La inoportunidad e ineficacia juridica de la modificacion del regimen juridico de la sociedad por cuotas portuguesa mediante el D.L. 33/2011, de 7 de marzo

  1. PIRES AMADO, ANTONIO
Supervised by:
  1. José Antonio Vega Vega Director
  2. Luis Marín Hita Co-director

Defence university: Universidad de Extremadura

Fecha de defensa: 25 October 2019

Committee:
  1. Fernando Carbajo Cascón Chair
  2. Eva María Domínguez Pérez Secretary
  3. Lourdes Moreno Liso Committee member

Type: Thesis

Abstract

Social capital is an essential element of corporate law, and its definition has generated some controversy in our doctrine, being considered by some authors as a "mysterious figure who takes effort to capture its nature" The main objective of this thesis is, questioning and accepting any opposing views, but as for us, and until proven otherwise, liable to refutation, demonstrating that the legislative change undertaken by Decree Law nº 33/2011, published on 7 March 2011, which amended the Portuguese Commercial Companies Code by adopting measures to simplify the incorporation of limited companies process proves innocuous and devoid of legal foundation, putting into question the applicability and effectiveness of legal juridical institutes, of civil and tax nature, if there hasn´t been this change in our legal system, not only safeguarded the interests of others, but inclusive personal interests of traders themselves.

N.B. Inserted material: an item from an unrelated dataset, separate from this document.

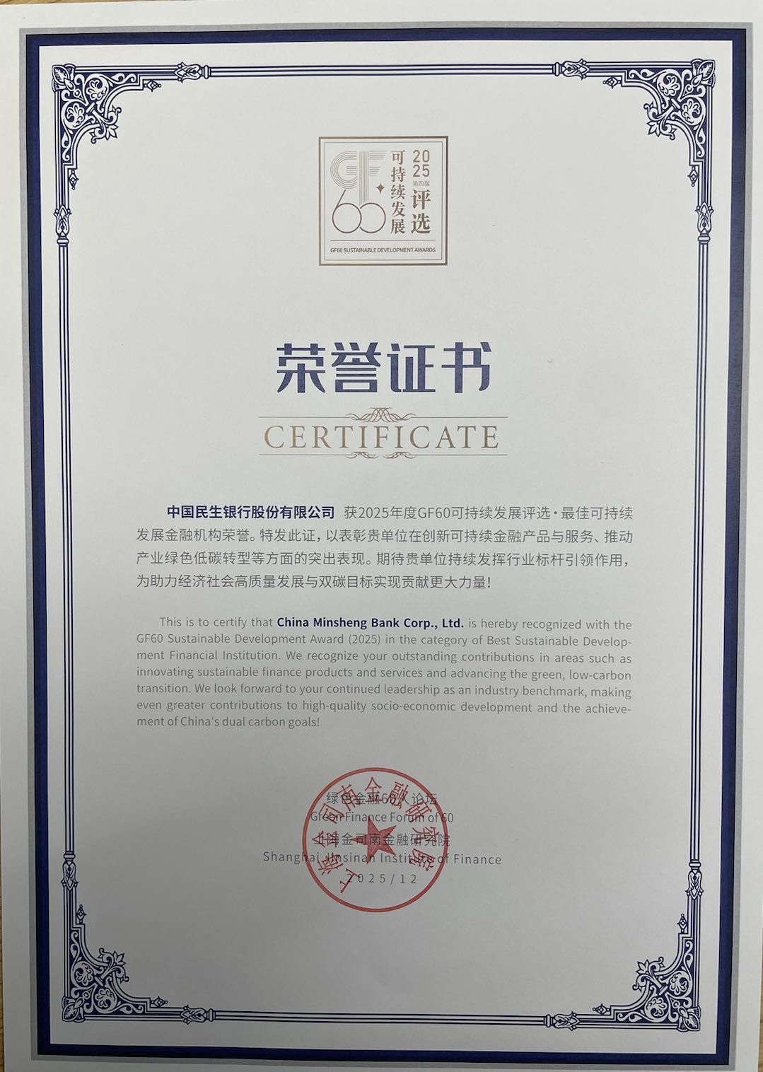 近日,由绿色金融60人论坛(GF60)主办、上海金司南金融研究院承办、中欧国际工商学院协办,以“探索绿色可持续发展新机遇,共筑国际绿色金融枢纽新篇章”为主题的2025第四届绿色金融北外滩论坛在上海虹口举办。民生银行因在创新可持续金融产品与服务、推动产业绿色低碳转型等方面的突出表现,获2025年度GF60可持续发展评选·最佳可持续发展金融机构荣誉。

The use of the figure of disregard of legal entity of legal persons as well as, the institute of legal reversal for tax debts, headquartered in tax enforcement, stop making sense when the non-existence of social capital and the eventual nonexistence of personal assets of the social partners of a limited company (as this legislative change is allowing and encouraging), cut off the possibility of their practical application and legal effectiveness. Accordingly, analyzing the dogmatic origins of the disregard of legal entity, the reversal of tax enforcement headquarters and its various theories, covering the jurisprudential and doctrinal arguments that contribute to the ongoing discussions on these topics, and treating then the reception of these mechanisms by portuguese doctrine and jurisprudence, focusing on the analysis of relevant cases treated on Portuguese law, we will make then an approach to the issue from the perspective of other European jurisdictions, especially Spanish and Italian, among others, trying to demonstrate, finally, the ineffectiveness and inexpediency of the above referenced legislative amendment to the Portuguese Commercial Companies Code, by proposing some alternative legislative solutions.